◆ Your goal ◆
Write out the entries below exactly, but only from the line containing "- Unique Shimmer" through the line containing "자, 원정도 끝났으니 엑소슈트 인벤토리를 정리하고..", and without the pictures.
*** Opening of Task input ***
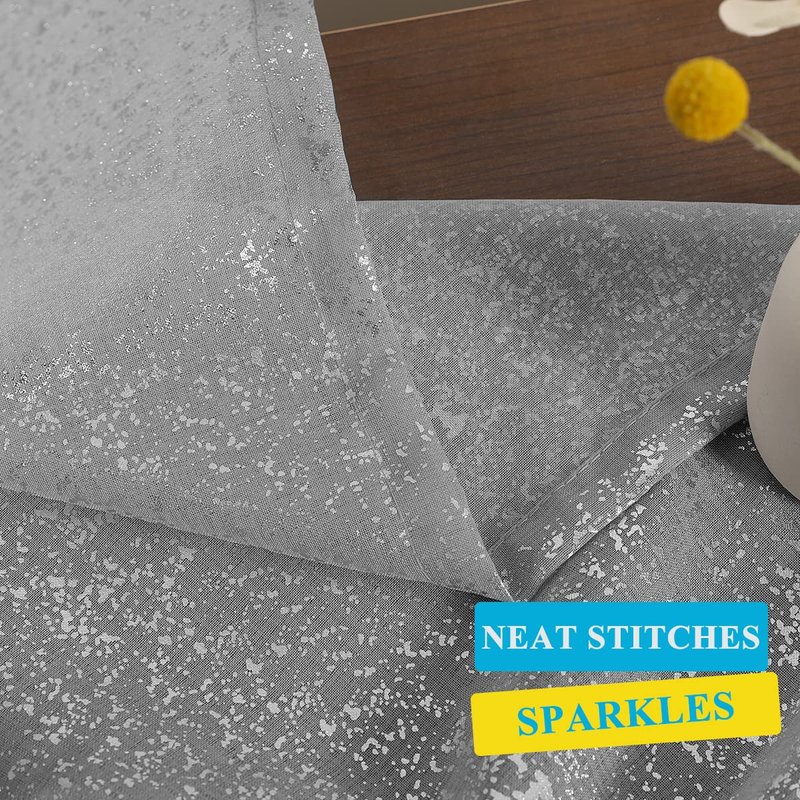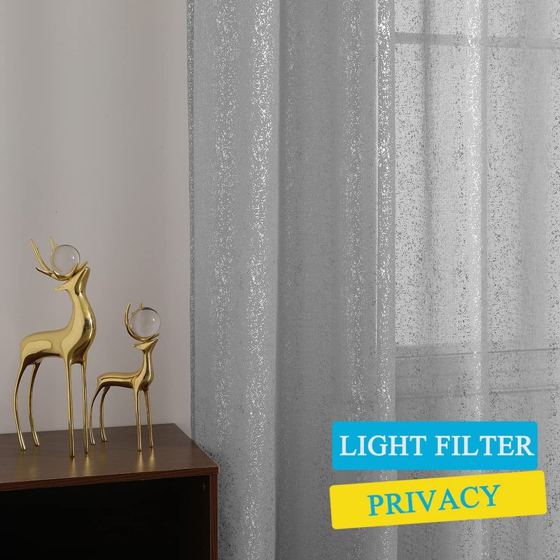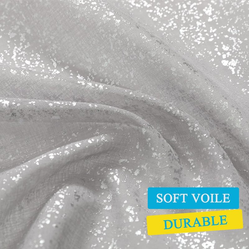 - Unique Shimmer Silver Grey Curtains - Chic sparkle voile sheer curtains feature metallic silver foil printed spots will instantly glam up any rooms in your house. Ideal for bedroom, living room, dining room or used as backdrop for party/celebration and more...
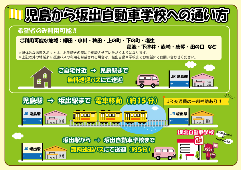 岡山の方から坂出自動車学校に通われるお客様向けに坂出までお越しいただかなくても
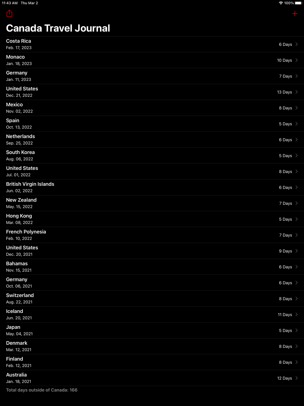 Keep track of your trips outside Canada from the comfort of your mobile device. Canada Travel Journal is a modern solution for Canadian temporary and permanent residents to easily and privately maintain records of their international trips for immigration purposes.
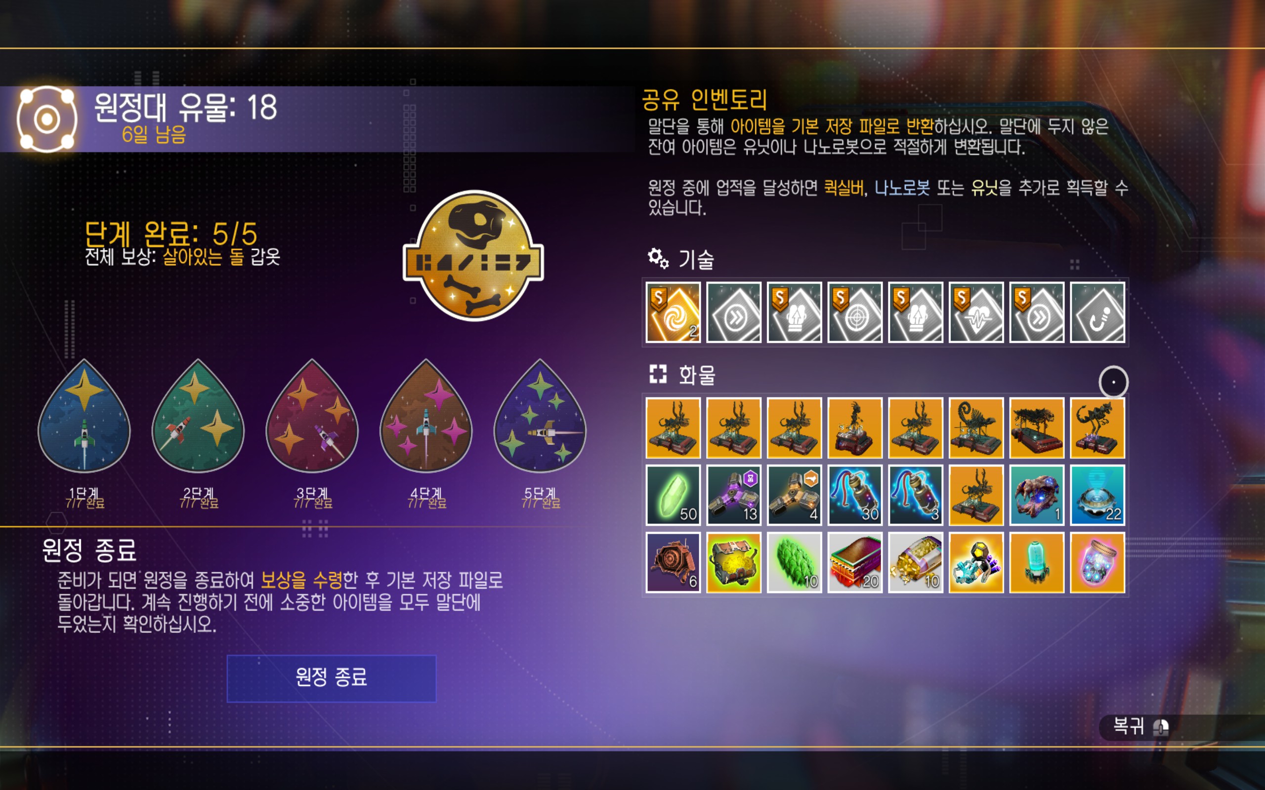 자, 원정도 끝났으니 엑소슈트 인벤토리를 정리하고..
*** Close of Task input ***
*** Opening of Task input ***
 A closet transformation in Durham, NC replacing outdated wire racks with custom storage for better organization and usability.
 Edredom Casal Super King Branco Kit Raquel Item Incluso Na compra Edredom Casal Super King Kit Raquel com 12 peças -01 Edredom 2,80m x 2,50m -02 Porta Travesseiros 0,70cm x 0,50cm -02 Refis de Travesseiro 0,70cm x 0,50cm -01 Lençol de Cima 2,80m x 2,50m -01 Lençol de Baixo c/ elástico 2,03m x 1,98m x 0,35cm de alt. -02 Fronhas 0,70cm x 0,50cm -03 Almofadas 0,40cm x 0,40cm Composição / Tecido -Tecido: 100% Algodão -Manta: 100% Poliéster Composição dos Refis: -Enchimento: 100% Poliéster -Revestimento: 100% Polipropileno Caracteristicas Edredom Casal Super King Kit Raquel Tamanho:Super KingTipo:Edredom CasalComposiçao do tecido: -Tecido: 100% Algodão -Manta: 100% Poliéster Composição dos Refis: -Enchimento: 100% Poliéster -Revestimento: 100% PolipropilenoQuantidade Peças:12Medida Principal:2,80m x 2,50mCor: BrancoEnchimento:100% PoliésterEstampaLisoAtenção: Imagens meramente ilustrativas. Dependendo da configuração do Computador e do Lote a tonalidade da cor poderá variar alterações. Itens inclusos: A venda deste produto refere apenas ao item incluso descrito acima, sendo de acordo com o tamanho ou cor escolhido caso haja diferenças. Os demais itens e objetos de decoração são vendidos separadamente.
*** Close of Task input ***
◆ Solved exercise ◆
 - Unique Shimmer Silver Grey Curtains - Chic sparkle voile sheer curtains feature metallic silver foil printed spots will instantly glam up any rooms in your house. Ideal for bedroom, living room, dining room or used as backdrop for party/celebration and more...
 岡山の方から坂出自動車学校に通われるお客様向けに坂出までお越しいただかなくても
 Keep track of your trips outside Canada from the comfort of your mobile device. Canada Travel Journal is a modern solution for Canadian temporary and permanent residents to easily and privately maintain records of their international trips for immigration purposes.
 자, 원정도 끝났으니 엑소슈트 인벤토리를 정리하고..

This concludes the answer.